Both of Greenwood’s latest scores are spectacular (even the eight seconds of original material he contributed to “Licorice Pizza” stands out from the rest of PTA’s killer soundtrack), but “The Power of the Dog” wins by a snout because its music feels less ornamental and more intimately expressive than the funereal acid jazz and corrupted organ partitas that form the bars of Princess Diana’s gilded cage.

Radiohead-obsessed cinephiles have spent the past 16 years or so foaming at the mouth about how their favorite band’s virtuosic multi-instrumentalist has casually developed a side gig as one of the most essential film composers of the 21st century

Campion has a long history of getting the best out of world-class composers like Michael Nyman and Mark Bradshaw, and she does so again in her dagger-like frontier drama by encouraging Greenwood to create his own syntax of menace — seductive but threatening.
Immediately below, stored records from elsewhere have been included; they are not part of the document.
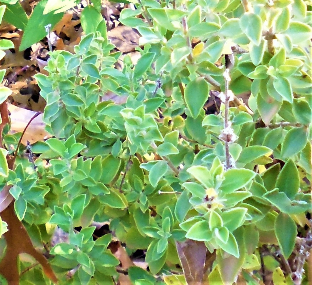 Leaves: begin, by looking like the parent with hairy lobed leaves, but these soon change with maturity to small smooth, leathery leaves with entire edges with a pointed tip.
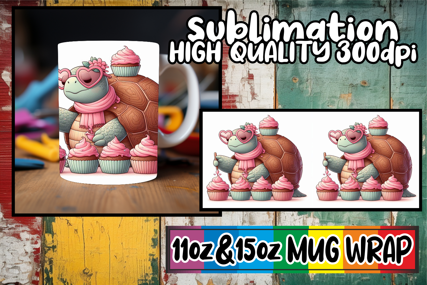 Lively spirit 11oz 15oz mug wrap, Turtle example image 1
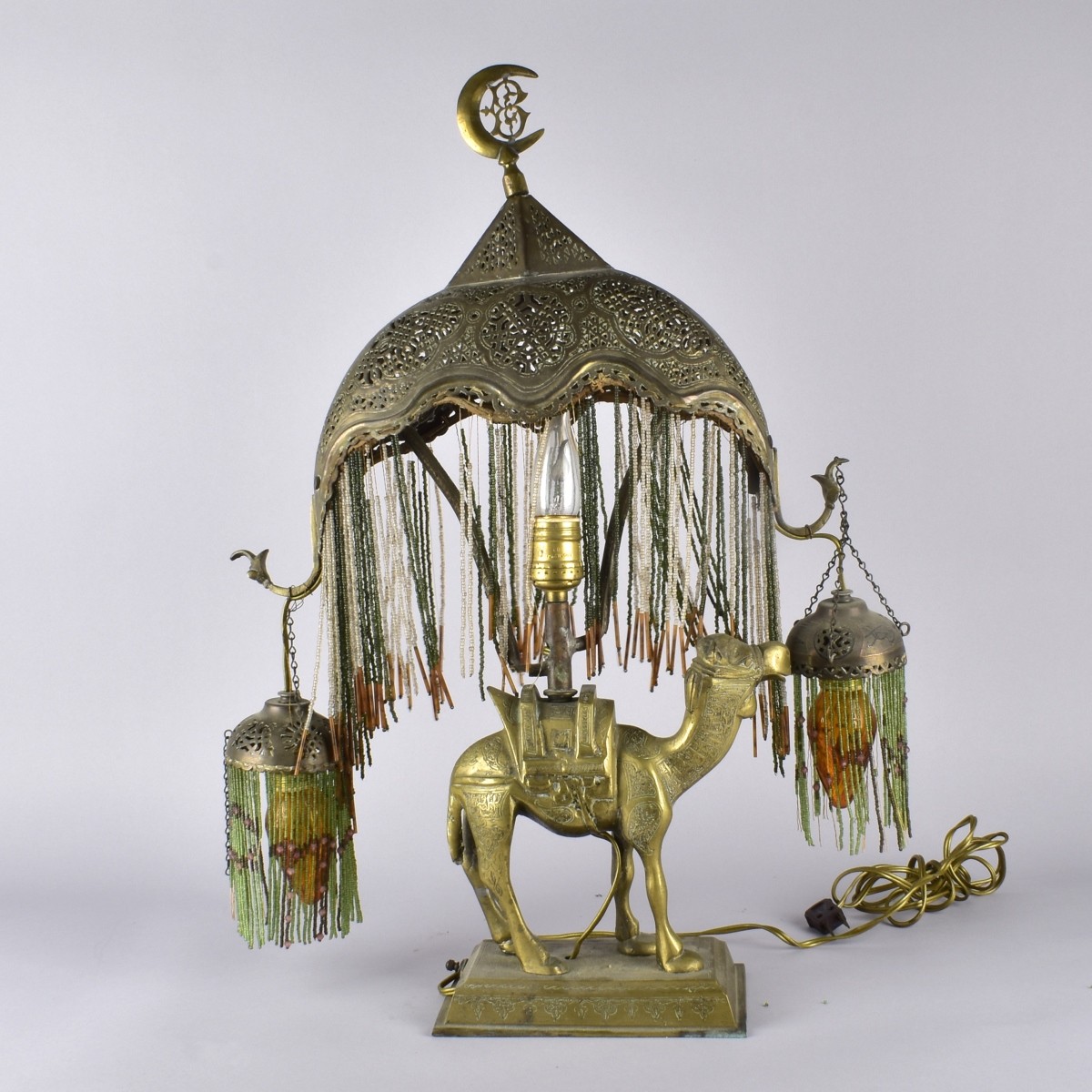 Vintage Middle Eastern Brass Camel Table Lamp with Hanging Beads and Pierced Shade. Overall measures 24-1/2" x 18" x 7". Condition: Shade is slightly leaning forward. One support for the shade needs to be reset. Missing beads. Oxidation to the surface. Estimate: $100.00 - $300.00 Domestic Shipping: Third party

The work that resulted from that free rein falls somewhere between “Phantom Thread” and “There Will Be Blood,” combining repressed French horns, a mechanically detuned piano that plays along with Kirstin Dunsts’ performance in broken time, and a cello masquerading as a banjo in order to sew together a Western soundscape that’s constricting tighter in the middle while fraying along the edges. And then, in the transcendent “Psalm 22,” that tension resolves into a new and delightfully violent lightness that lingers under your skin long after the movie is over.